PUMA: Efficient and Low-Cost Memory Allocation and Alignment Support for Processing-Using-Memory Architectures

Processing-using-DRAM (PUD) architectures impose a restrictive data layout and alignment for their operands, where source and destination operands (i) must reside in the same DRAM subarray (i.e., a group of DRAM rows sharing the same row buffer and row decoder) and (ii) are aligned to the boundaries of a DRAM row. However, standard memory allocation routines (i.e., malloc, posix_memalign, and huge pages-based memory allocation) fail to meet the data layout and alignment requirements for PUD architectures to operate successfully. To allow the memory allocation API to influence the OS memory allocator and ensure that memory objects are placed within specific DRAM subarrays, we propose a new lazy data allocation routine (in the kernel) for PUD memory objects called PUMA. The key idea of PUMA is to use the internal DRAM mapping information together with huge pages and then split huge pages into finer-grained allocation units that are (i) aligned to the page address and size and (ii) virtually contiguous. We implement PUMA as a kernel module using QEMU and emulate a RISC-V machine running Fedora 33 with v5.9.0 Linux Kernel. We emulate the implementation of a PUD system capable of executing row copy operations (as in RowClone) and Boolean AND/OR/NOT operations (as in Ambit). In our experiments, such an operation is performed in the host CPU if a given operation cannot be executed in our PUD substrate (due to data misalignment). PUMA significantly outperforms the baseline memory allocators for all evaluated microbenchmarks and allocation sizes.

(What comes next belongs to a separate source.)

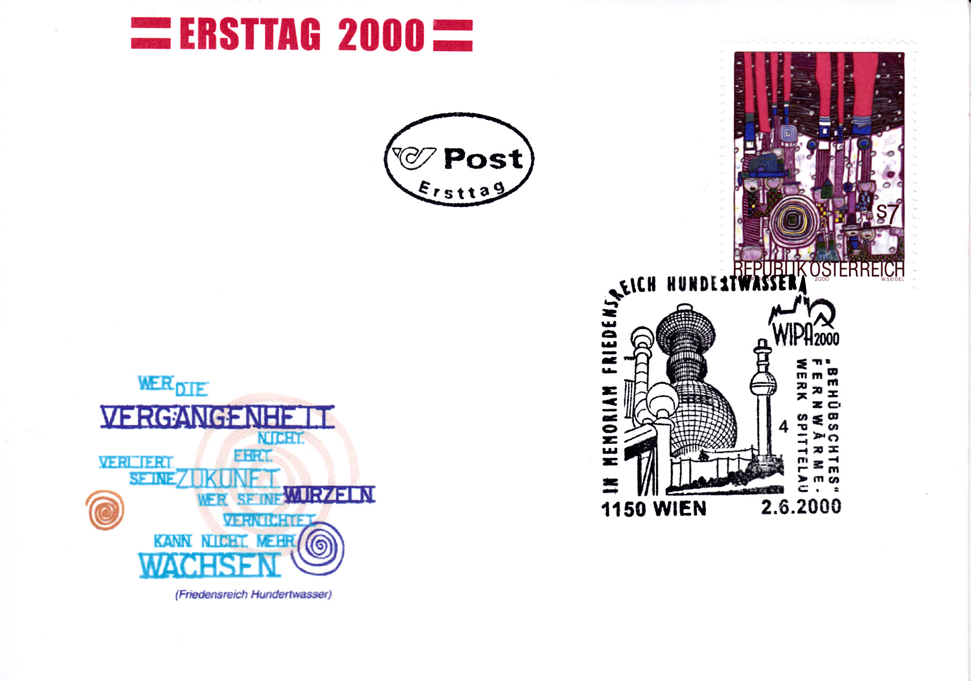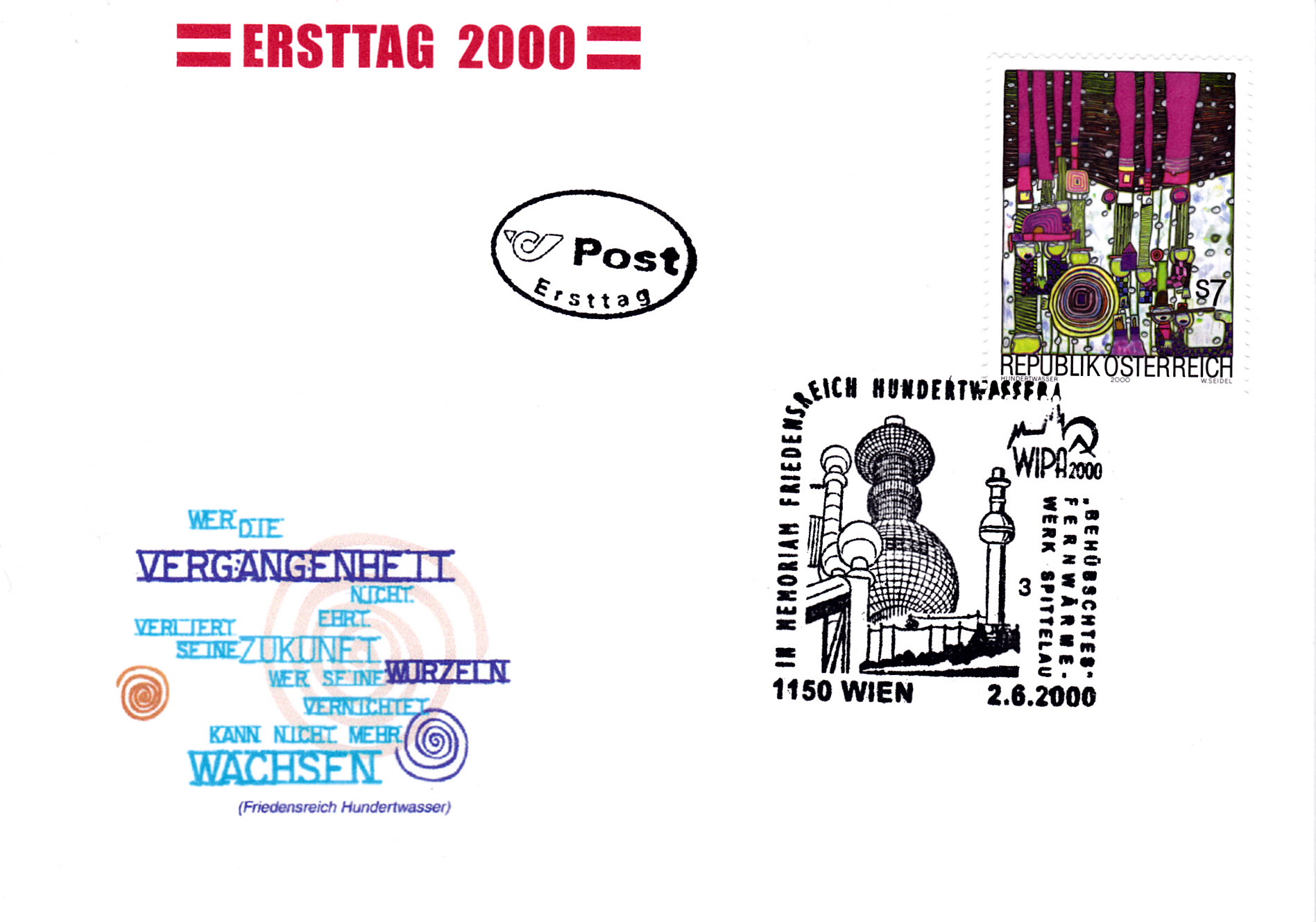 Aus Anlass "20 Jahre Kunst Haus Wien" gab es in Österreich eine Marke (MiNr 2917) mit der Abbildung Kunst Haus Wien nach einem Entwurf von Friedensreich Hundertwasser.

翻译：使用动态随机存取存储器进行计算（PUD）架构对其操作数的数据布局和对齐方式施加了严格限制，即源操作数和目标操作数必须（i）位于同一DRAM子阵列（即共享相同行缓冲区和行解码器的一组DRAM行）中，且（ii）对齐至DRAM行边界。然而，标准内存分配例程（如malloc、posix_memalign及基于大页的内存分配）无法满足PUD架构成功运行所需的数据布局与对齐要求。为使内存分配API能够影响操作系统内存分配器并确保内存对象放置于特定DRAM子阵列，我们针对PUD内存对象提出一种新的惰性数据分配例程（在内核中）——PUMA。PUMA的核心思想是：利用内部DRAM映射信息结合大页技术，将大页拆分为更细粒度的分配单元，这些单元（i）按页地址和大小对齐，且（ii）在虚拟地址上连续。我们基于QEMU将PUMA实现为内核模块，并模拟运行Fedora 33（Linux内核v5.9.0）的RISC-V机器。我们模拟实现了可执行行复制操作（如RowClone）及布尔AND/OR/NOT操作（如Ambit）的PUD系统。在实验中，若某项操作因数据未对齐而无法在PUD基底上执行，则在宿主机CPU上执行该操作。在全部评估微基准测试和分配规模中，PUMA均显著优于基线内存分配器。